I’ve made a few posts around Reddit about this subject but I just want to discuss it with like-minded people. When we talk about women‘s rights I see us expressing that we don’t want our rights “taken away” or the idea that they were “given” to us by men and it’s always niggled at me because that means our rights aren‘t inherent to us. Don’t get me wrong, I’ve used the same language myself. When we frame it like this I think we’re doing ourselves a disservice. I notice that misogynistic men seem to be really hung-up on the idea that they gave us our rights because that gives them power over us. So here’s where I‘m at:

I believe our rights are inherent and can’t be given or taken away, only suppressed. We need to stop thinking of them as something that men gave us because they did not. Nor are they something we took from them. They are something we forced them to recognize just as they recognize their own.
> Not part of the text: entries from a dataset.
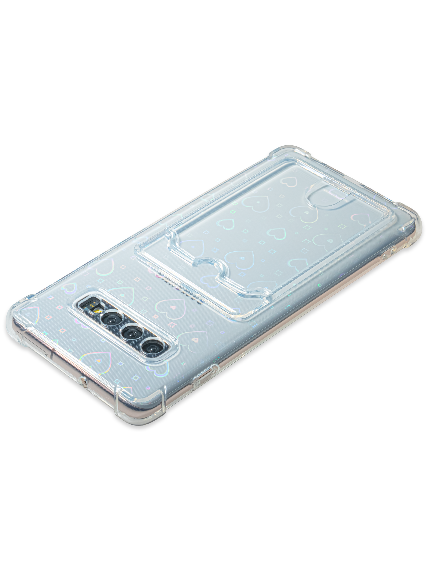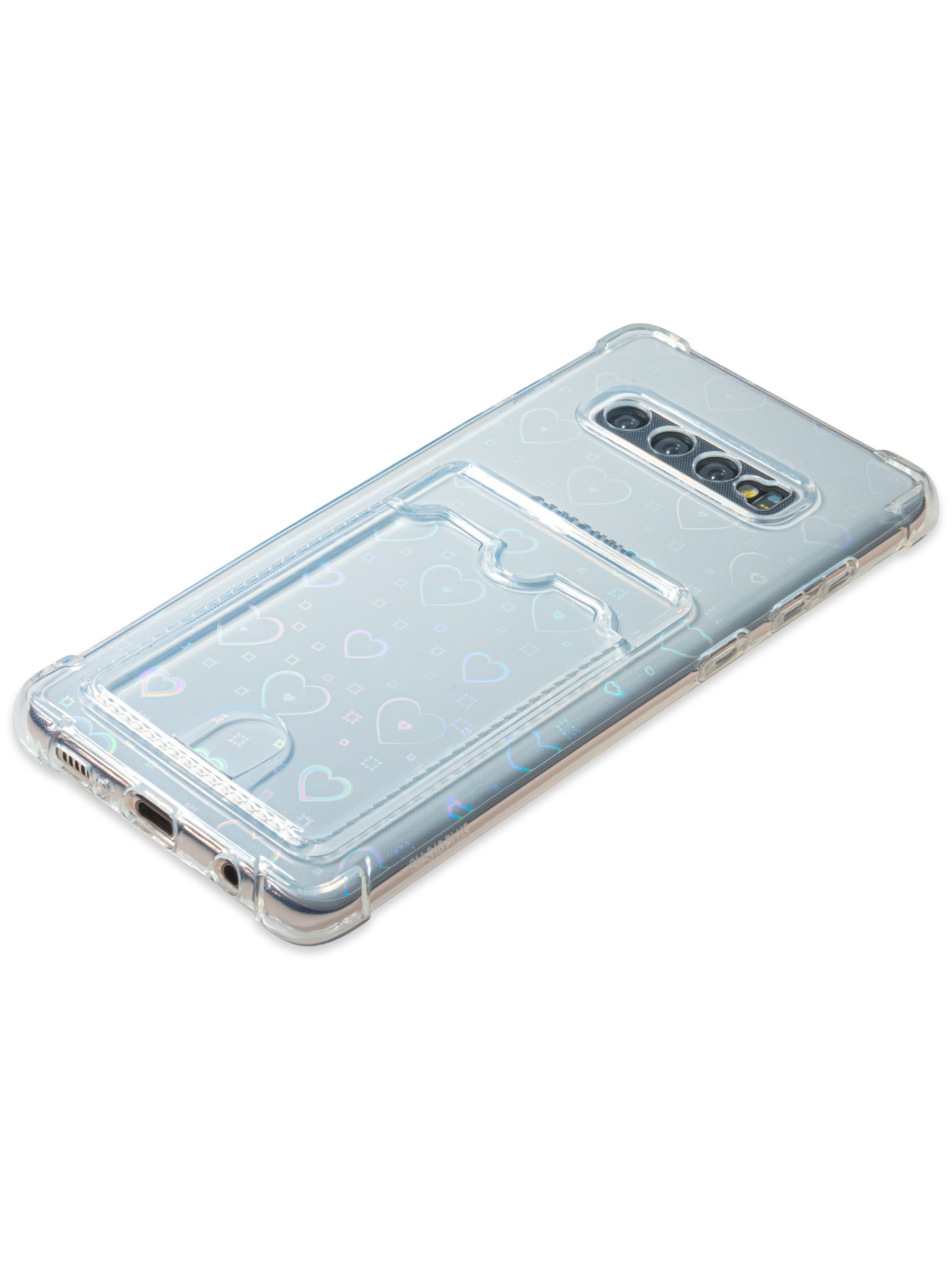 Силиконовый чехол White heart для Samsung Galaxy S10+ G975 прозрачный с вырезом под карту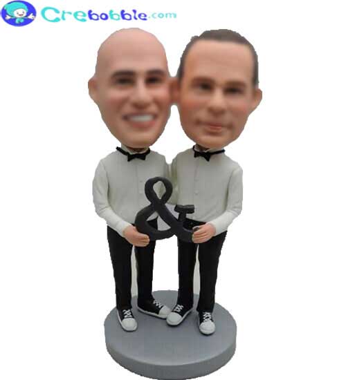 What better way to show your love and support for your same sex friends than to get bobbleheads/cake toppers in their image? You can choose from a variety of outfits to best bring out the beautiful moment you are trying to portray, whether for your significant other or your dear friend. You can choose between gay or lesbian couples, dressed up or dressed down, sitting or standing and even design the hairdo for the special day! From traditional gowns and suits to casual apparel, these fully customizable dolls are the perfect way to showcase your personality.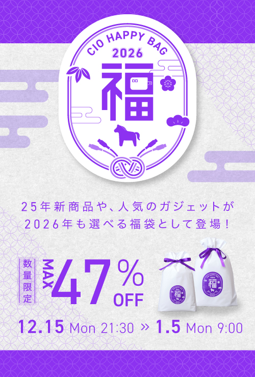 最大47%OFF!CIOの人気製品を厳選!「CIO 人気ガジェットが選べる福袋2026」を販売開始!限定パープルカラーも!

They never question where their own rights come from or if they do they assume they are god-given or inherent to themselves as humans. Perhaps they believe they are granted by government, but even by that view, their rights are no more superior than my own. Many of them will just argue that might makes right and that their ability to suppress makes them the granter of rights but it only makes them an oppressor. It doesn’t take anything from me but suppresses what is already there. Whatever perspective they take, I view my rights as valid or inherent as theirs.

There’s this expectation that women should be grateful towards our oppressors for deigning to give us rights when we were the ones that fought so hard to end our oppression. They do not get credit for our victories. I’ve had men get angry at me for pointing this stuff out and question what I will do when they take my rights away as if they’re not already trying to do that. My answer is always to fight and protest like I do now. 

I’d like to see us start talking and thinking about our rights as something that is part of us and not something that can be given or taken from us, only suppressed. We give men too much power and credit we view them any other way.